Would you restate the entries below word for word, leaving out the images?

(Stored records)
++++++++++++++++++++
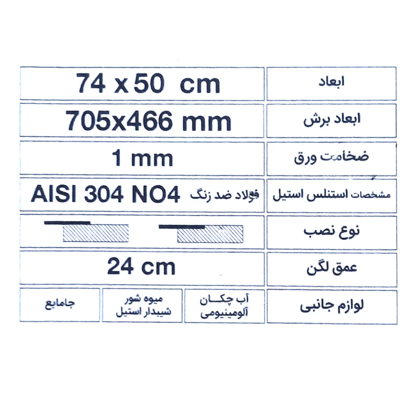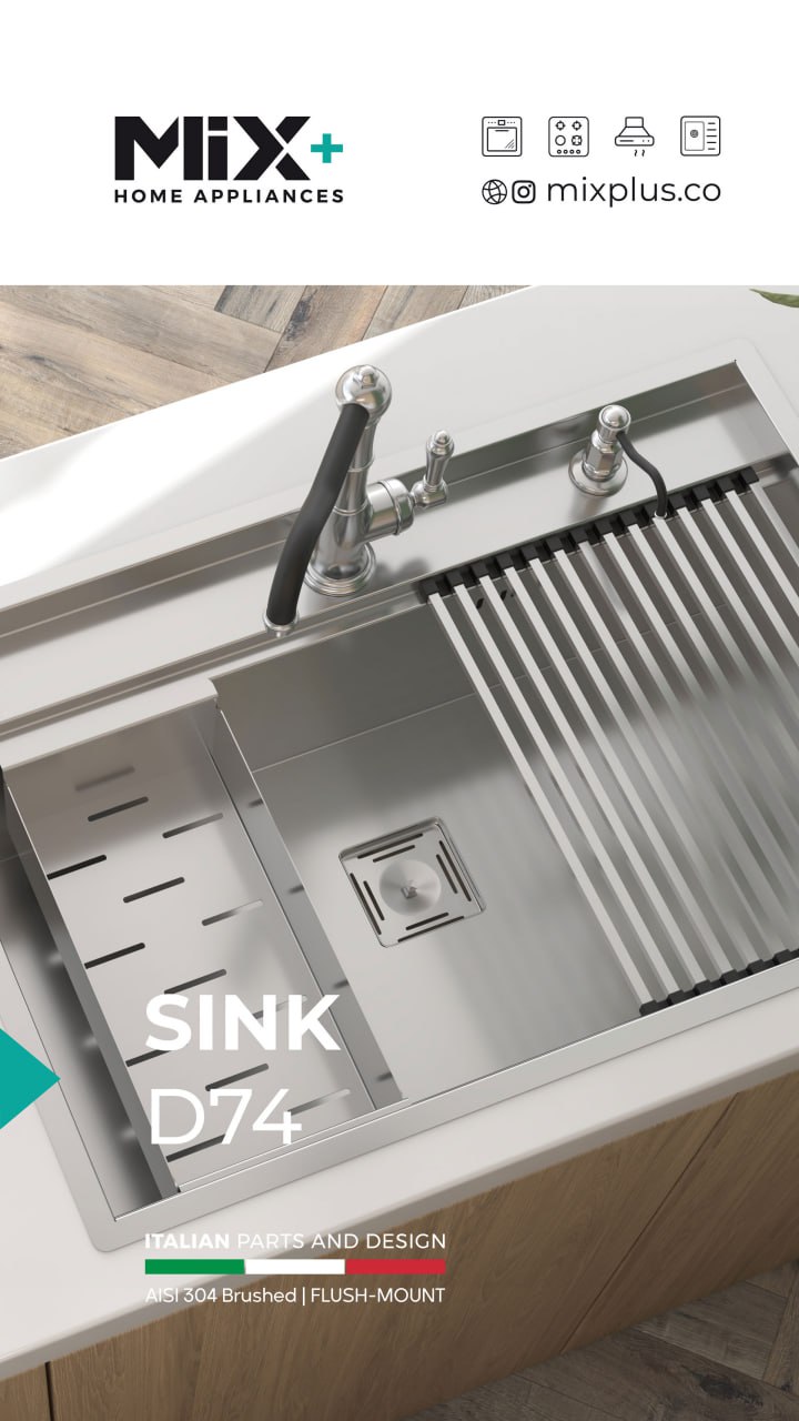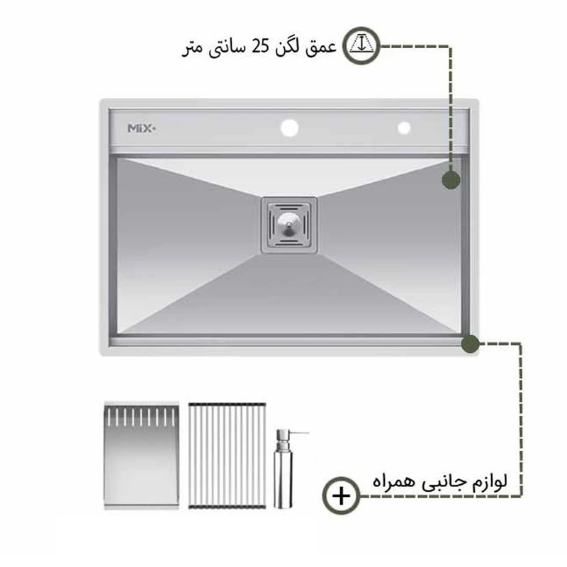 سینک ظرفشویی میکس پلاس مدل D74 توکار تک لگن
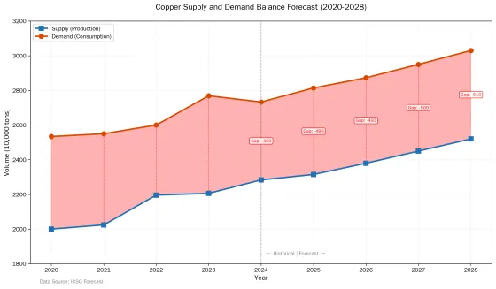 展望未来,铜行业面临前所未有的发展机遇与挑战。一方面,新能源产业(电动汽车、光伏、风电)、人工智能数据中心、电网升级改造等领域的需求快速增长,为铜消费提供强劲支撑;另一方面,矿端供应增长受限、资源枯竭压力、环保政策趋严以及地缘政治风险等因素持续制约供给增长。国际铜业研究组织(ICSG)预计,2025年全球铜矿产量约2315万吨,增长1.4%;精炼铜消费约2814.3万吨,供需缺口将达到约500万吨,2026年缺口将进一步扩大。在此背景下,铜价中长期趋势预计将维持上行格局。
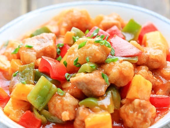 Tender pork pieces tossed in a sweet and tangy sauce with stir-fry onion, garlic, capsicum and pineapple. A dish the whole family will enjoy.
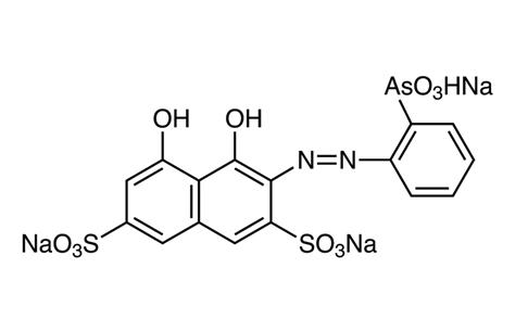 偶氮胂I三钠盐;原子核式:C16H10AsN2Na3O11S2,原子核量:614.27
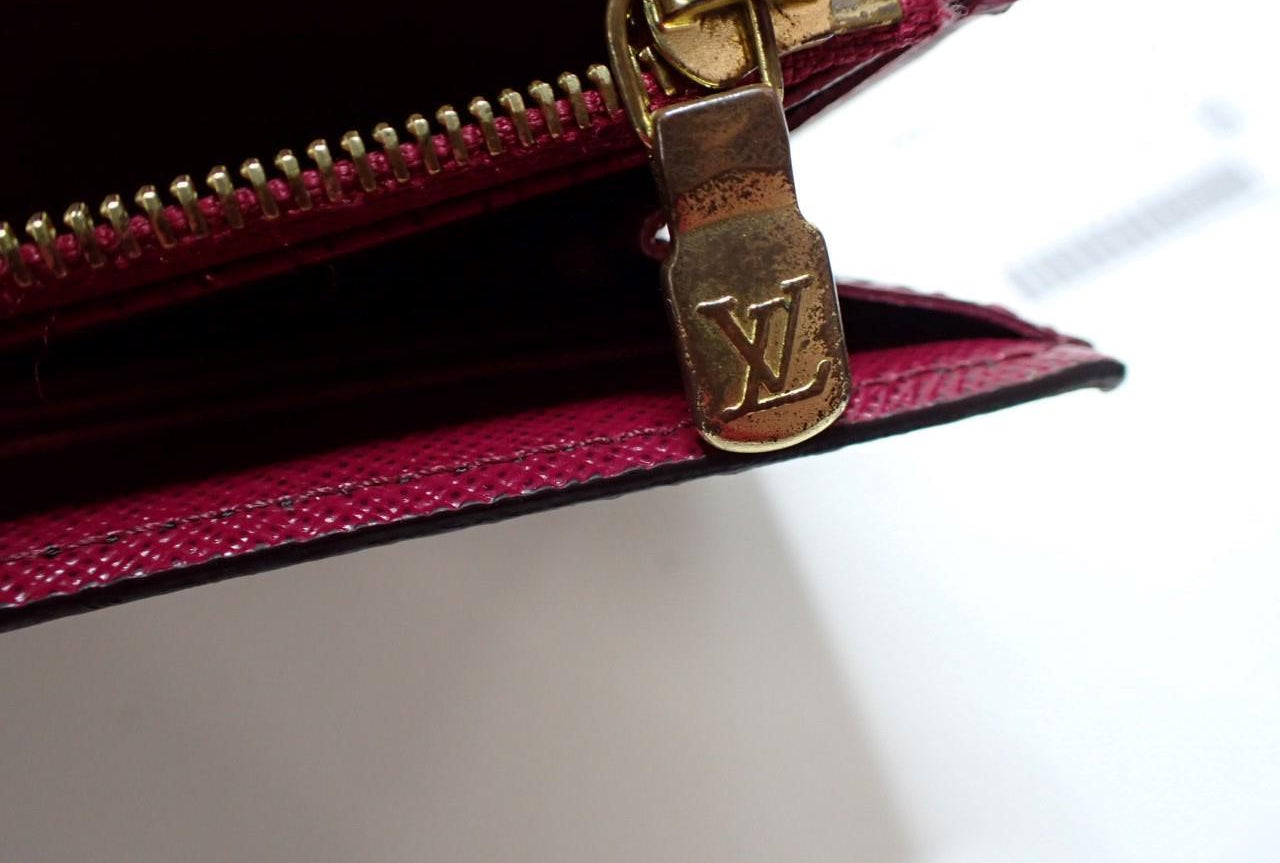The Louis Vuitton Sarah Wallet in Monogram Fuchsia combines timeless luxury with vibrant style. This iconic wallet features the signature LV monogram canvas with a striking fuchsia trim that makes a bold fashion statement. With multiple card slots, bill compartments, and a coin pocket, it offers practical organization for your everyday essentials. The durable construction and classic design ensure this piece remains a cherished accessory for years to come. Perfect for those who appreciate authentic luxury and want to add a pop of color to their collection.
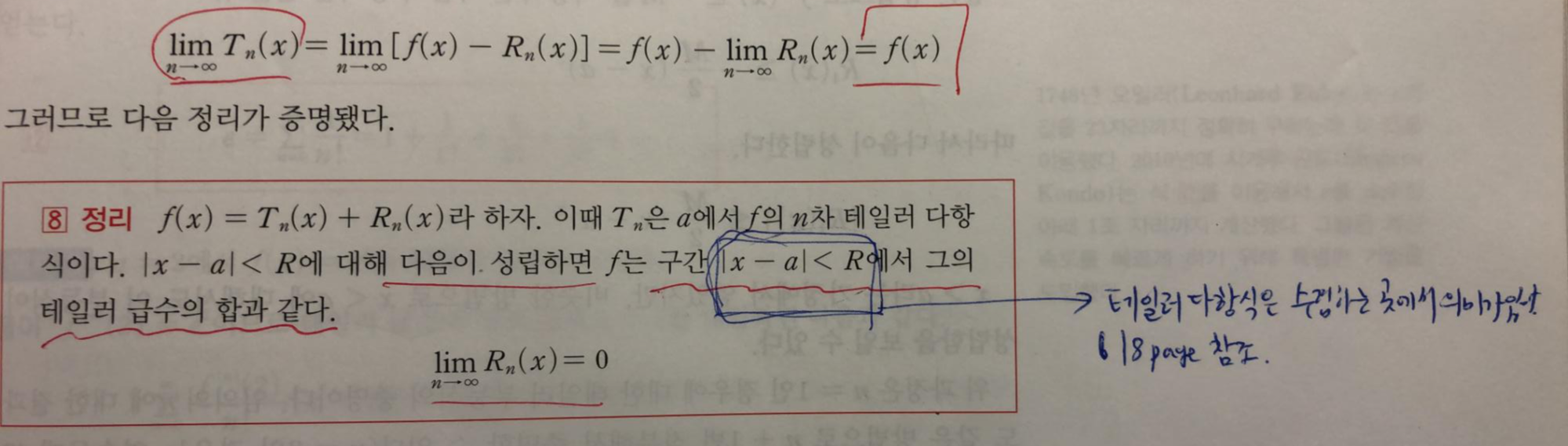 이 급수를 a에서 f의 테일러 급수라 한다. a=0인 특수한 경우의 테일러 급수는
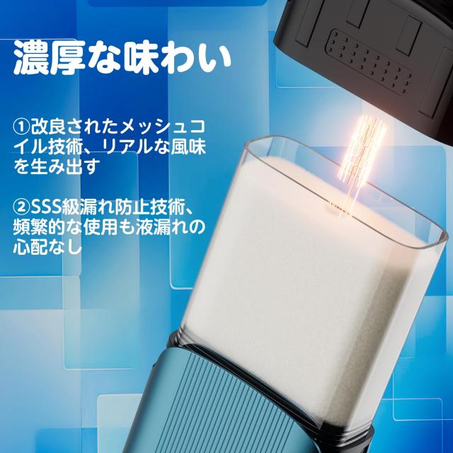 【濃厚な味わい】 ・ 改良されたメッシュコイル技術、リキッドが急速に蒸気化し、濃密なミストがリアルな風味を生み出す。 ・ SSS級漏れ防止技術により、頻繁に使用する際の漏れの心配がありません。 |
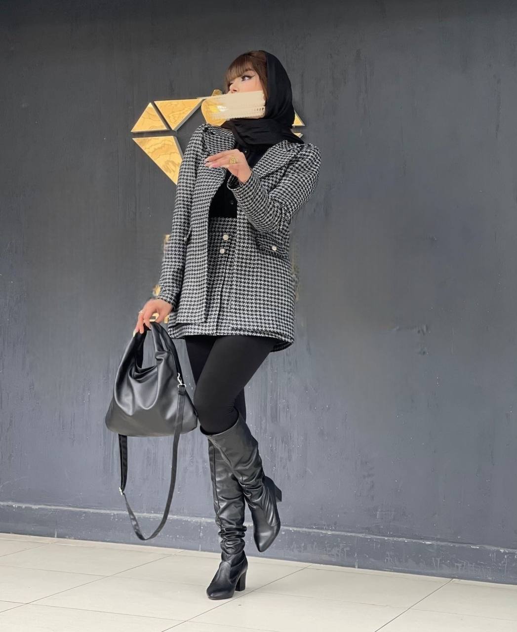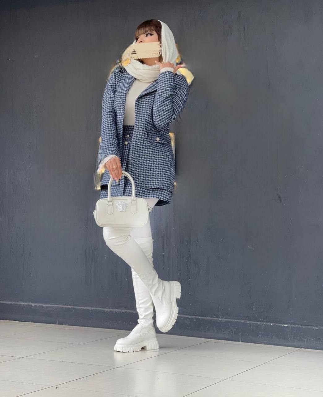 کت دامن زنانه مدل ثمر دارای جنس پیردوپل در رنگبندی و سایزبندی قابل سفارش است قد دامن حدود 40 و قد کت حدود 75
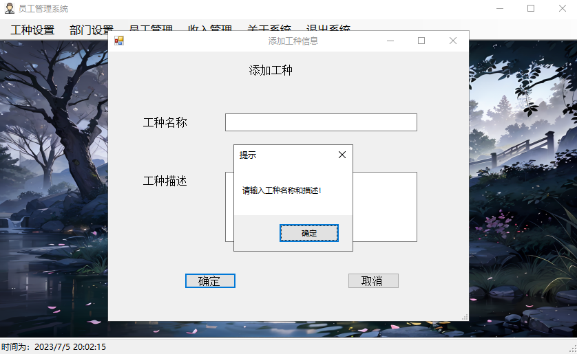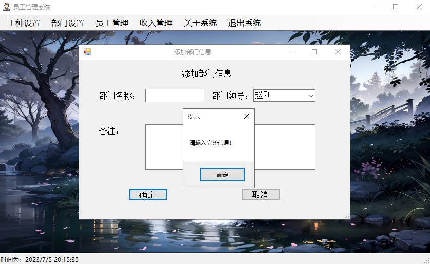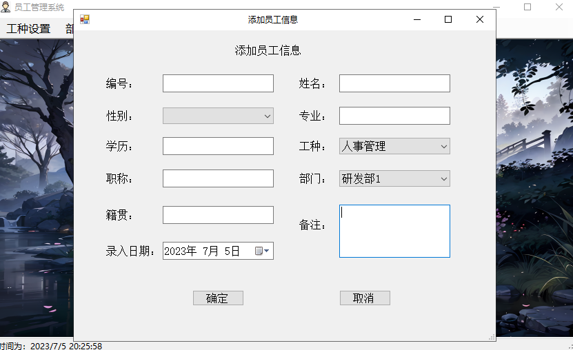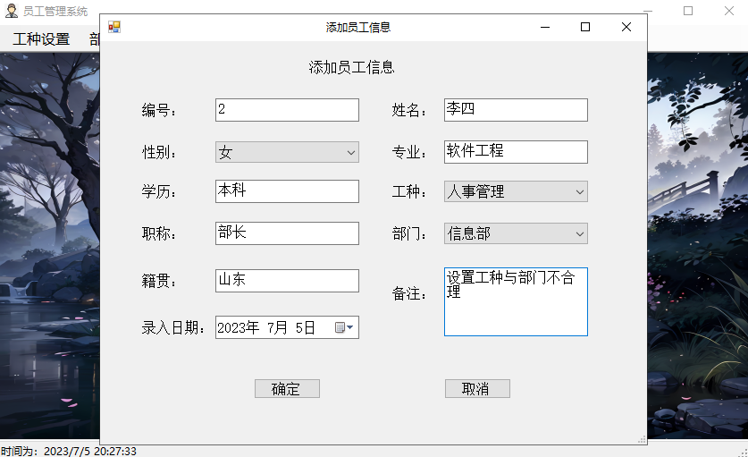 添加员工信息界面
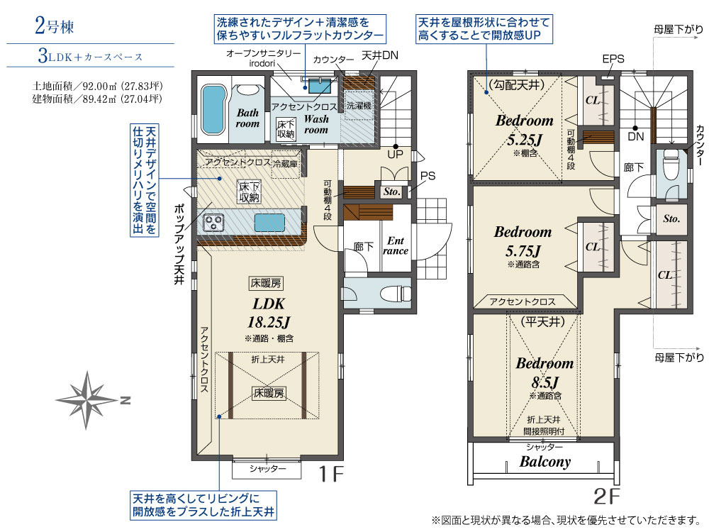 | 建物面積 | 89.42m² ~ 99.57m² 実測 | ||
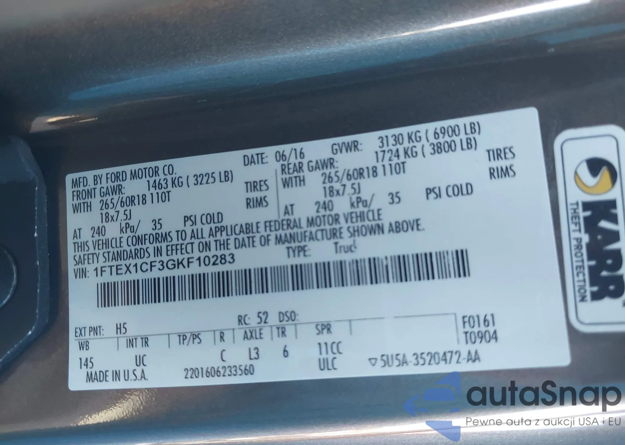 LOT: 43836173 VIN: 1FTEX1CF3GKF10283
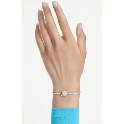 Il vero amore incontra una radiosa luce nel bracciale Swarovski della famiglia Idyllia. La morbida catena è impreziosita da cristalli taglio Round in una montatura placcata rodio, mentre al centro, un scintillante motivo a cuore è trafitto dalla freccia di Cupido in tonalità oro. Adatta la vestibilità alla tua misura utilizzando la chiusura scorrevole e abbina il bracciale ad altri gioielli coordinati della stessa collezione ispirata al romanticismo.
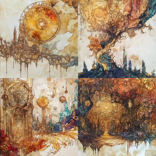 Замысловатые линии и декоративные элементы этого стиля создают уникальное визуальное повествование, которое одновременно кажется и историческим, и потусторонним. Хотя этот стиль процветает в фэнтези и концептуальном искусстве, его отклонение от фотореализма может ограничить его применение в более реалистичных контекстах.
++++++++++++++++++++
RESPONSE TO THE EXERCISE:
 سینک ظرفشویی میکس پلاس مدل D74 توکار تک لگن
 展望未来,铜行业面临前所未有的发展机遇与挑战。一方面,新能源产业(电动汽车、光伏、风电)、人工智能数据中心、电网升级改造等领域的需求快速增长,为铜消费提供强劲支撑;另一方面,矿端供应增长受限、资源枯竭压力、环保政策趋严以及地缘政治风险等因素持续制约供给增长。国际铜业研究组织(ICSG)预计,2025年全球铜矿产量约2315万吨,增长1.4%;精炼铜消费约2814.3万吨,供需缺口将达到约500万吨,2026年缺口将进一步扩大。在此背景下,铜价中长期趋势预计将维持上行格局。
 Tender pork pieces tossed in a sweet and tangy sauce with stir-fry onion, garlic, capsicum and pineapple. A dish the whole family will enjoy.
 偶氮胂I三钠盐;原子核式:C16H10AsN2Na3O11S2,原子核量:614.27
The Louis Vuitton Sarah Wallet in Monogram Fuchsia combines timeless luxury with vibrant style. This iconic wallet features the signature LV monogram canvas with a striking fuchsia trim that makes a bold fashion statement. With multiple card slots, bill compartments, and a coin pocket, it offers practical organization for your everyday essentials. The durable construction and classic design ensure this piece remains a cherished accessory for years to come. Perfect for those who appreciate authentic luxury and want to add a pop of color to their collection.
 이 급수를 a에서 f의 테일러 급수라 한다. a=0인 특수한 경우의 테일러 급수는
 【濃厚な味わい】 ・ 改良されたメッシュコイル技術、リキッドが急速に蒸気化し、濃密なミストがリアルな風味を生み出す。 ・ SSS級漏れ防止技術により、頻繁に使用する際の漏れの心配がありません。 |
 کت دامن زنانه مدل ثمر دارای جنس پیردوپل در رنگبندی و سایزبندی قابل سفارش است قد دامن حدود 40 و قد کت حدود 75
 添加员工信息界面
 | 建物面積 | 89.42m² ~ 99.57m² 実測 | ||
 LOT: 43836173 VIN: 1FTEX1CF3GKF10283
 Il vero amore incontra una radiosa luce nel bracciale Swarovski della famiglia Idyllia. La morbida catena è impreziosita da cristalli taglio Round in una montatura placcata rodio, mentre al centro, un scintillante motivo a cuore è trafitto dalla freccia di Cupido in tonalità oro. Adatta la vestibilità alla tua misura utilizzando la chiusura scorrevole e abbina il bracciale ad altri gioielli coordinati della stessa collezione ispirata al romanticismo.
 Замысловатые линии и декоративные элементы этого стиля создают уникальное визуальное повествование, которое одновременно кажется и историческим, и потусторонним. Хотя этот стиль процветает в фэнтези и концептуальном искусстве, его отклонение от фотореализма может ограничить его применение в более реалистичных контекстах.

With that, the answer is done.